Just like in the semifinal loss to Alabama last year, OU got behind early and couldn’t recover.

“This one’s different,” Riley argued. “Bama last year jumped up, it was 28-0 before you could even blink. We weren’t really playing good on any of the sides. I thought we kind of steadied after we hit the big play to CeeDee and then Kennedy scored the first touchdown. I thought we were going to steady there. We traded blows early. It was just that run there.

“What it is, I mean, you play really good teams in this playoff. And when you don’t play your best ball, good teams are going to take advantage of it. And LSU took advantage of us not playing our best ball there.

“And then there were just some pivotal big third — like there’s going to be in these games, but some pivotal third downs they made, a couple of unbelievable plays, a couple that we made a couple boneheaded plays. Several opportunities offensively that were just that far away, but in games like this, that’s the margin of error.”

LSU is really good and OU played really poorly.

“They got great players, really athletic players,” said OU’s Jalen Hurts. “They’re fast, they play strong. They rally to the ball. But when you play this game, you talk about the controllables, what you can control. We didn’t take advantage of our opportunities, and that’s something that we can control. They play really good defense, but we were too inconsistent to come out on top of this game, and I think that’s the blunt reality of it.”

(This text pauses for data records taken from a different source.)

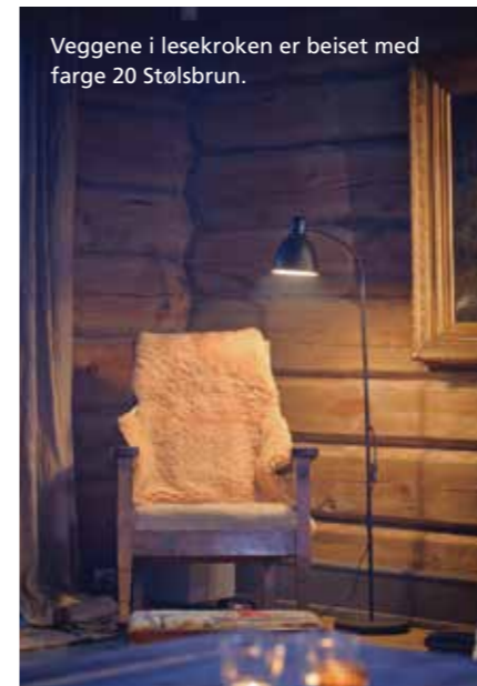
Veggene i lesestolen er beiset med farge 20 Stølsbrun.

NB! Lag prøveoppstrøk før påføring på vegg. Fargen vil variere avhengig av underlag og hvor mye beis som påføres.
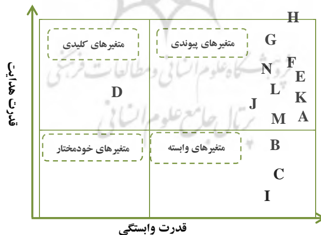
شکل ۲: ماتریس قدرت هدایت-وابستگی مخاطرات منابع انسانی در بخش سلامت

مدل تعاملی و ترسیم ارتباطات ساختاری و سلسله‌مراتبی مخاطرات حوزه منابع انسانی در بخش سلامت انجام شد. در این راستا پس از بررسی مرور نظام‌یافته و شناسایی مخاطرات منابع انسانی (جدول دو) از روش مدل‌سازی ساختاری-
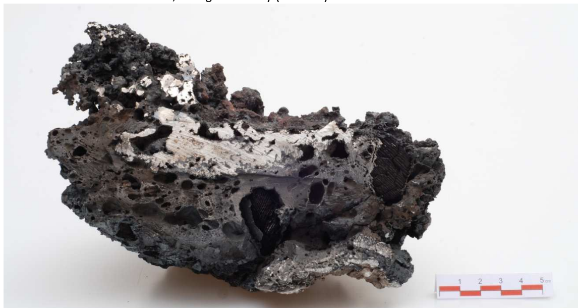
2. Polovina rozříznutého kusu 2,837 kg vč. strusky (J-09-01)
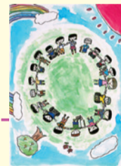
ポスター小学生部門 最優秀作品

この記事のお問い合わせ先 問 府自立支援課 ☎06(6944)9178 HP こさえたん 検索
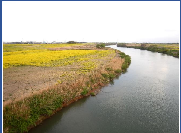
関宿橋より江戸川下流方面を望む
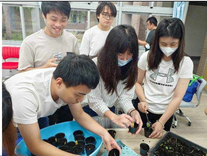
學習洛神花苗定植
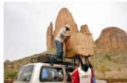
Campañas de prevención del SIDA en la Comuna de Hombori
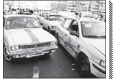
بر خورد با مالکان تاکسی های فرسوده

معاون امور شهرداری های سازمان شهرداری ها و دهیاری های کشور اعلام کرد در اجرائی طرح نوسازی ناوگان تاکسیرانی شهرداری که از بهمن ۹۴ و با حمایت دولت آغاز شده، تاکنون بیش از ۵۵ هزار تاکسی فرسوده از ناوگان تاکسیرانی شهرداری کشور خارج و تاکسی های جدید جایگزین آنها شده است. شهردار مصوم می بیان داشت: در این طرح که تاثیر زیادی در رفاه شهروندان، ارتقای سطح ایمنی خودروها و کاهش آلودگی هوا دارد، تاکنون بیش از ۷۸ هزار تاکسی که بیش از ۱۰ سال گذشته فرسوده و بی ایمنی رسیده، ثبت نام کرده اند. وی ادامه داد: همچنین بیش از ۵۵ هزار تاکسی جدید تحویل متقاضیان
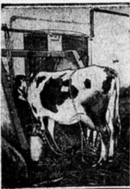
Дойка коров с помощью электричества.

На самом краю комбинатских владений лежит большая артель «Юртмоз». В этой артели за зиму произошла целая революция. Старые члены артели развели за счет общественных средств большие собственные стада коров. Вновь принимаемые артельцы — бескоровная беднота — жили в артели на работы приумножились хлева богатых, работали много. От этой работы приумножились хлева богатых, а в кармане бедняков, как было пусто, так и оставалось... Общественное обслуживание интересов своих членов в артели также было слабое. За артелью
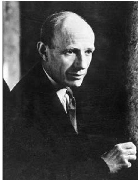
Едвард Фредерік Ліндлі Вуд, 1-й граф Галіфакс

У цей критичний час британський прем'єр переживав особисту трагедію краху створеної ним «мюнхенської» системи, і ця мала біда значною мірою заступила для нього велику біду всього народу. Навіть у промові з приводу початку війни в Європі він не забув поскаржитися: «Усе, заради чого я працював, усе, на

Hurts felt like he let the team down.

“It hurts me in my heart, you know,” Hurts said. “When I decided to come to this school, I told Coach Riley, I’m going to go win you a National Championship, and I failed to do that.  Moving forward, I definitely hope — I’ve already told them, I hope that you guys learn from this. I hope everybody learns from this. It hurts me the most because usually, when you come up short in something, you can come back and you can fix it. I can’t come back and fix it. I’ll never play college football again.”

Hurts graduates will go to the NFL..

Riley doesn’t see this lopsided loss as a major setback for the program.

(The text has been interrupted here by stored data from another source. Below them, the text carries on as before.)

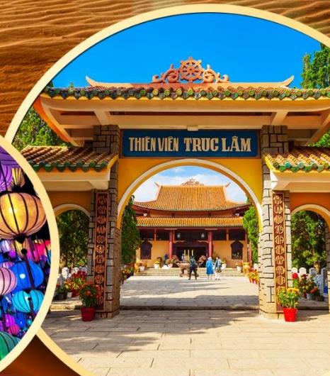
วัดตักลัม
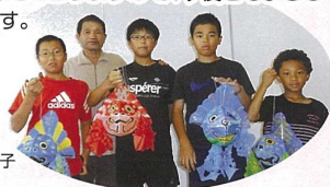
親子の研修旅行 「金魚ねぶた作り」の様子

私どもの会に助成金をいただきましてありがとうございます。会員一同感謝しております。雇用の関係、年金の関係など、社会情勢は母子寡婦にとって、年々厳しい状況にありますが、いただいた助成金を活動資金とし、みんなで力を合わせて助け合い、更なる力をつけて参りたいと考えておりますので、今後ともよろしくお願いたします。
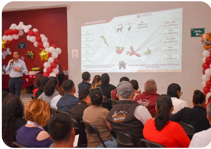
Participación en el foro regional de salud y bienestar animal en tepeapulco
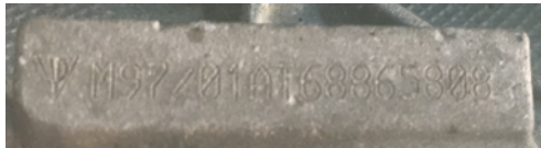
Frappe à froid numéro de moteur
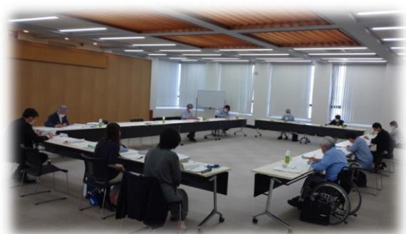
協働のまちづくり推進会議
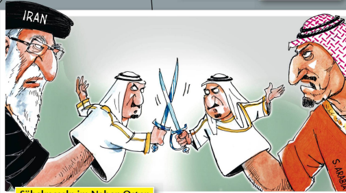
Säbelrasseln im Nahen Osten
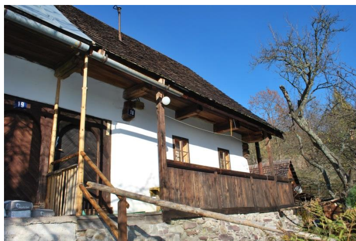
dom č. 18

“We’re continuing to make strides,” Riley said. “There’s no doubt about it. I mean, just putting yourself here four times in five years is — I mean, that’s so hard to do, man. I mean, it’s so hard to do.

“So I think we’ve made some great improvements with the program. I’m excited about where we’re heading defensively. I think we’ve just scratched the surface about how good we can get on that side.  This program has championship DNA. We kind of find a way, and we’ll be back.”

OU All-American wide receiver CeeDee Lamb and linebacker Kenneth Murray have announced that they will forego their senior years and enter the NFL Draft.